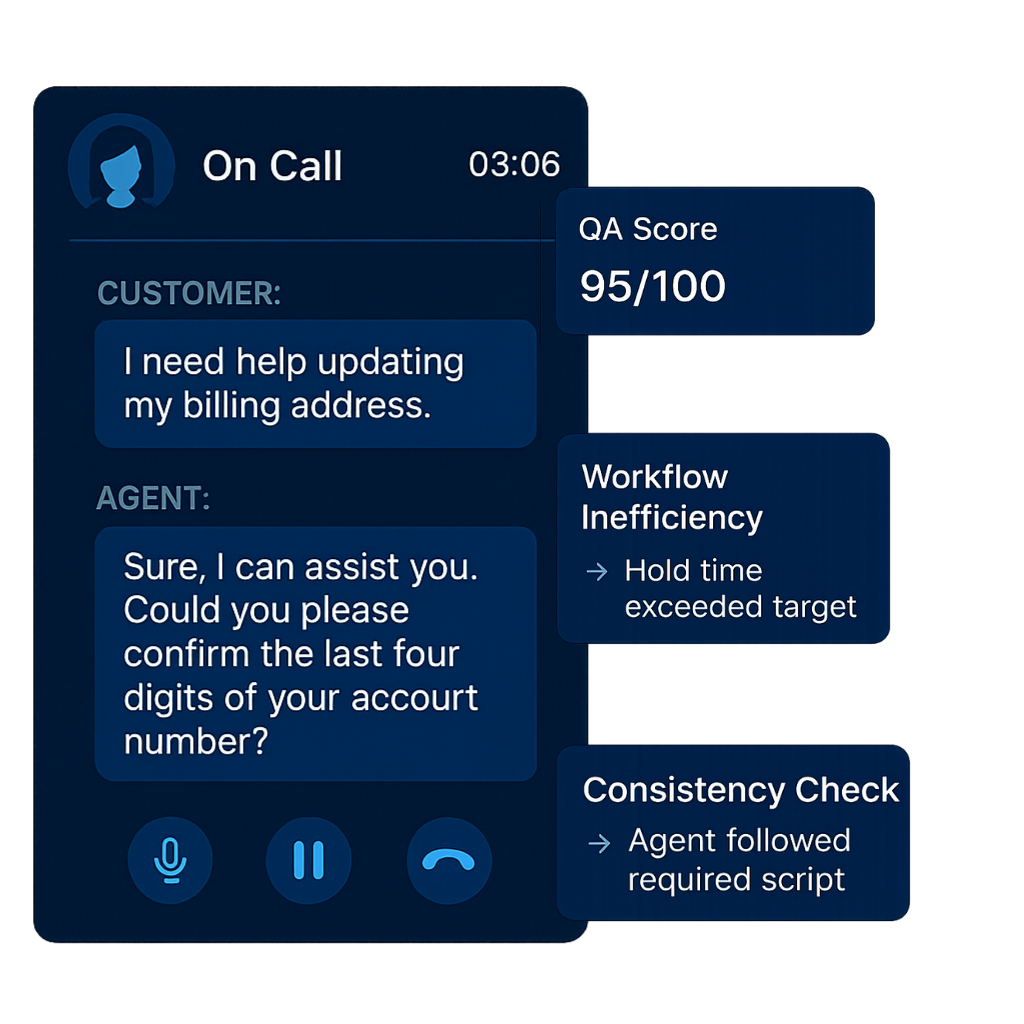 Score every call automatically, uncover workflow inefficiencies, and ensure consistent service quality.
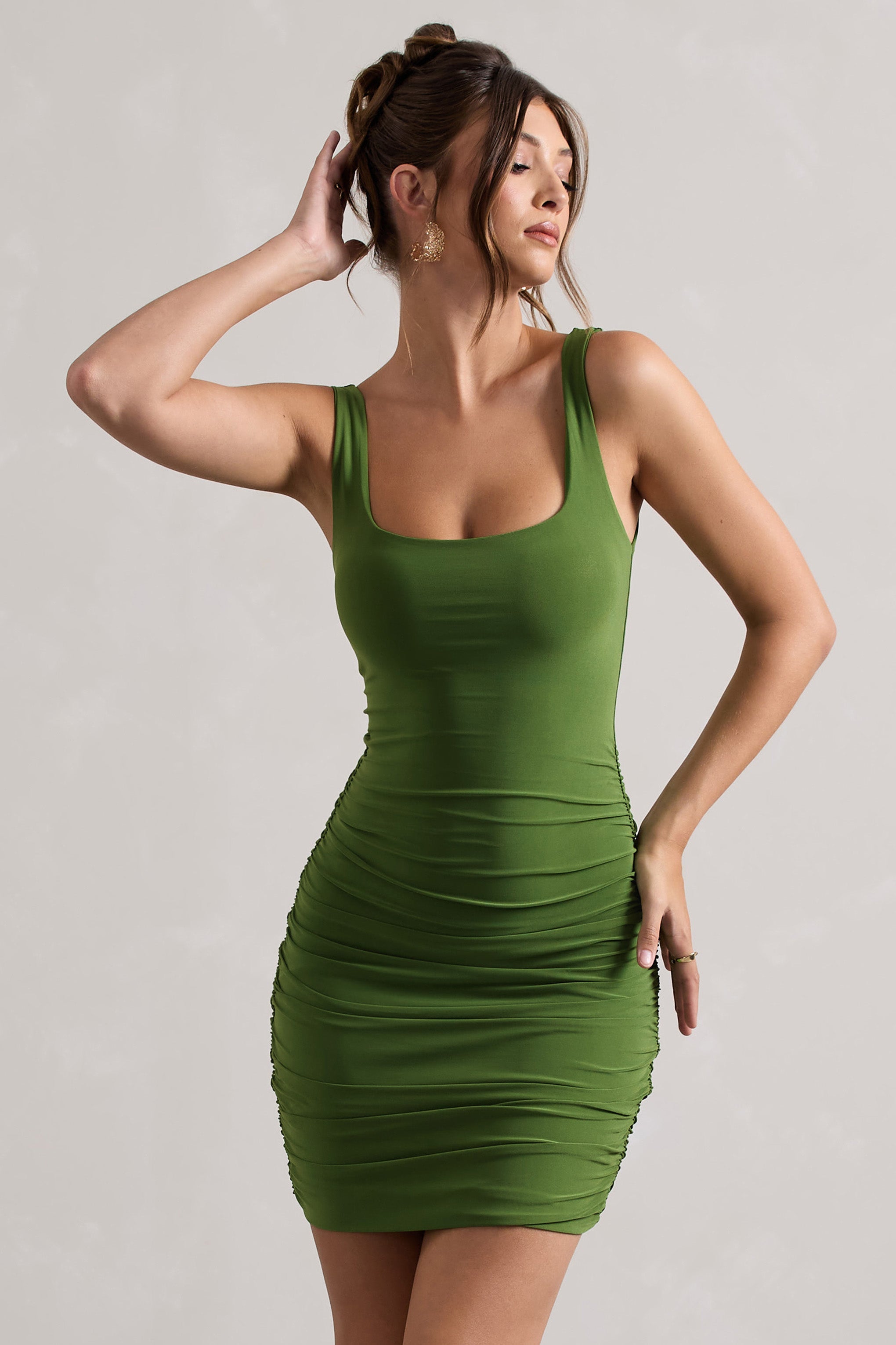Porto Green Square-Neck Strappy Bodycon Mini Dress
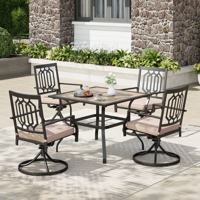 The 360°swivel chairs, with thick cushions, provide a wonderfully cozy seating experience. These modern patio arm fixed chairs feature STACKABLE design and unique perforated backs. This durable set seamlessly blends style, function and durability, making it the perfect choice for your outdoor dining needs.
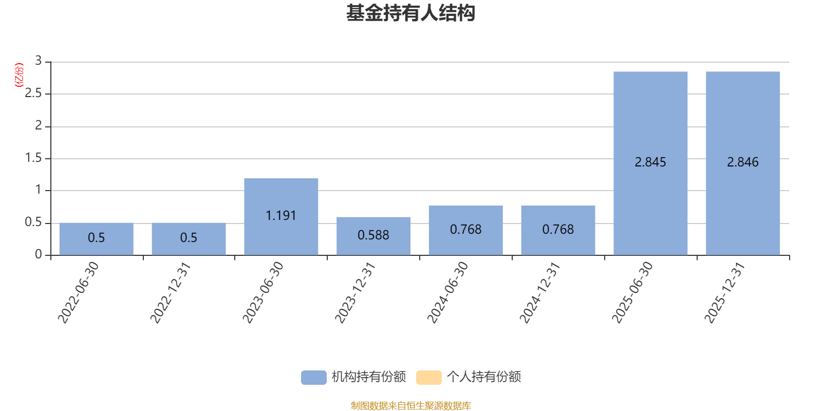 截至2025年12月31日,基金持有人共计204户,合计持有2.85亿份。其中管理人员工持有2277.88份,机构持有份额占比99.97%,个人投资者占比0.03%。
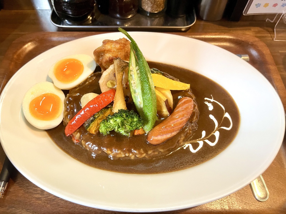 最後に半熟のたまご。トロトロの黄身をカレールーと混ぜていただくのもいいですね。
•••
▸ **Instructions for the task**: Print the entries again exactly as they appear above. Do not print the pictures.

▸ **Answer box**:
 Score every call automatically, uncover workflow inefficiencies, and ensure consistent service quality.
Porto Green Square-Neck Strappy Bodycon Mini Dress
 The 360°swivel chairs, with thick cushions, provide a wonderfully cozy seating experience. These modern patio arm fixed chairs feature STACKABLE design and unique perforated backs. This durable set seamlessly blends style, function and durability, making it the perfect choice for your outdoor dining needs.
 截至2025年12月31日,基金持有人共计204户,合计持有2.85亿份。其中管理人员工持有2277.88份,机构持有份额占比99.97%,个人投资者占比0.03%。
 最後に半熟のたまご。トロトロの黄身をカレールーと混ぜていただくのもいいですね。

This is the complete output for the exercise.